» Your assignment
Transcribe the listing in full, excluding any pictures.

» Recorded data
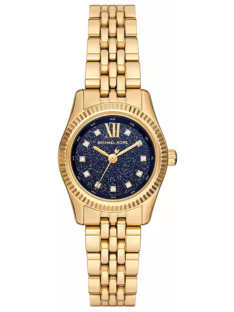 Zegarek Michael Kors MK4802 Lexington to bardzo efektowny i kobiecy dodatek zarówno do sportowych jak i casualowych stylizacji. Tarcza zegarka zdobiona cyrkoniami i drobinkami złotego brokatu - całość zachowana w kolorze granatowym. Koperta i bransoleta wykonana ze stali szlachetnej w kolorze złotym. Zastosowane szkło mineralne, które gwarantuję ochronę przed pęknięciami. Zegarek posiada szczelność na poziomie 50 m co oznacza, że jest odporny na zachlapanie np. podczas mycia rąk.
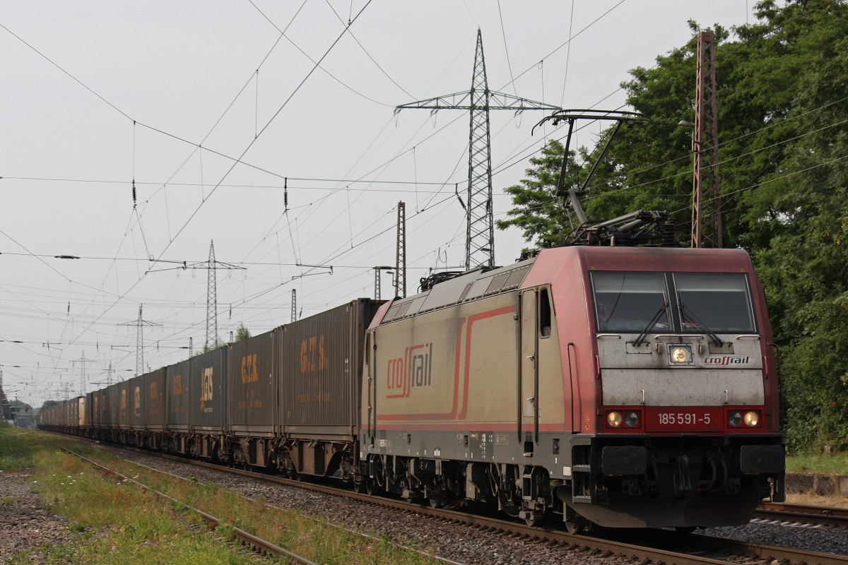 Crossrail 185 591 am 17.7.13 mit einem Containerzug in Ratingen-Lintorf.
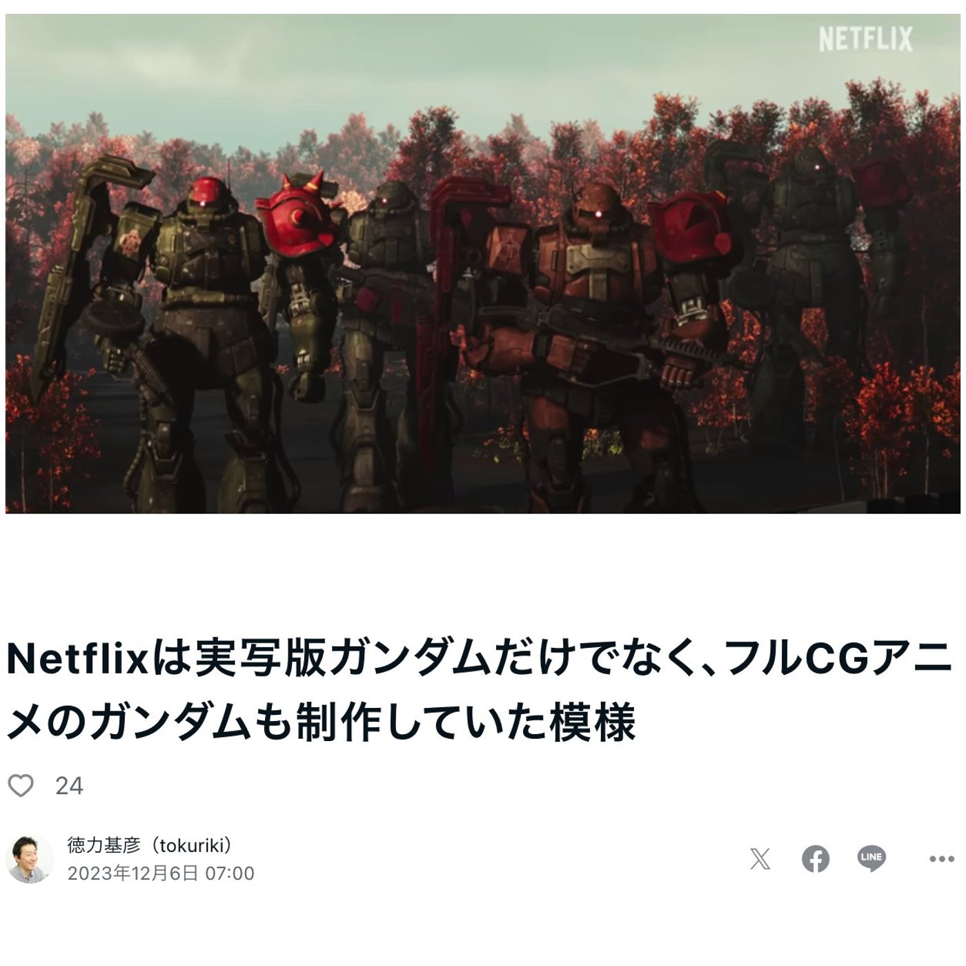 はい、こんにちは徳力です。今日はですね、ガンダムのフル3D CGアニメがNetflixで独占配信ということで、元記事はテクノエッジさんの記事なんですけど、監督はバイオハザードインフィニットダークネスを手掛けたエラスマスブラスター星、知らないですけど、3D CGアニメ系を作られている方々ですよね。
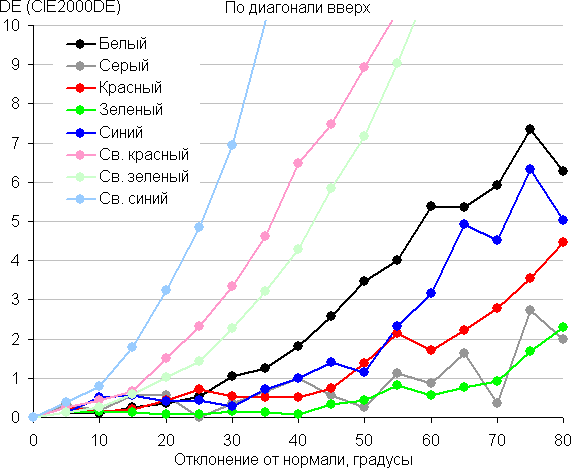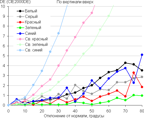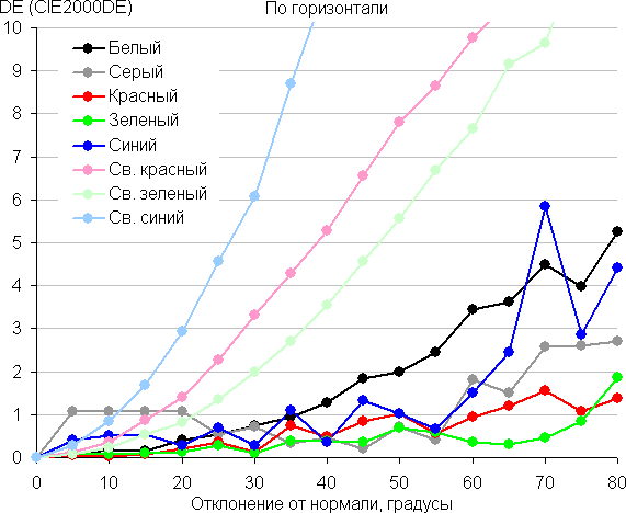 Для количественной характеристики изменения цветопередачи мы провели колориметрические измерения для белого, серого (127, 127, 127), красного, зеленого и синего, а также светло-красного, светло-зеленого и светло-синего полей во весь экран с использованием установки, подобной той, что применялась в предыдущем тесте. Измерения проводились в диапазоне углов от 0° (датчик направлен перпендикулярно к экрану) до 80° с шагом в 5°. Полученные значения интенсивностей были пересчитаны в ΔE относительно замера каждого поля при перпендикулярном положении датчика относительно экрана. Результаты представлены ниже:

» Exercise output
 Zegarek Michael Kors MK4802 Lexington to bardzo efektowny i kobiecy dodatek zarówno do sportowych jak i casualowych stylizacji. Tarcza zegarka zdobiona cyrkoniami i drobinkami złotego brokatu - całość zachowana w kolorze granatowym. Koperta i bransoleta wykonana ze stali szlachetnej w kolorze złotym. Zastosowane szkło mineralne, które gwarantuję ochronę przed pęknięciami. Zegarek posiada szczelność na poziomie 50 m co oznacza, że jest odporny na zachlapanie np. podczas mycia rąk.
 Crossrail 185 591 am 17.7.13 mit einem Containerzug in Ratingen-Lintorf.
 はい、こんにちは徳力です。今日はですね、ガンダムのフル3D CGアニメがNetflixで独占配信ということで、元記事はテクノエッジさんの記事なんですけど、監督はバイオハザードインフィニットダークネスを手掛けたエラスマスブラスター星、知らないですけど、3D CGアニメ系を作られている方々ですよね。
 Для количественной характеристики изменения цветопередачи мы провели колориметрические измерения для белого, серого (127, 127, 127), красного, зеленого и синего, а также светло-красного, светло-зеленого и светло-синего полей во весь экран с использованием установки, подобной той, что применялась в предыдущем тесте. Измерения проводились в диапазоне углов от 0° (датчик направлен перпендикулярно к экрану) до 80° с шагом в 5°. Полученные значения интенсивностей были пересчитаны в ΔE относительно замера каждого поля при перпендикулярном положении датчика относительно экрана. Результаты представлены ниже:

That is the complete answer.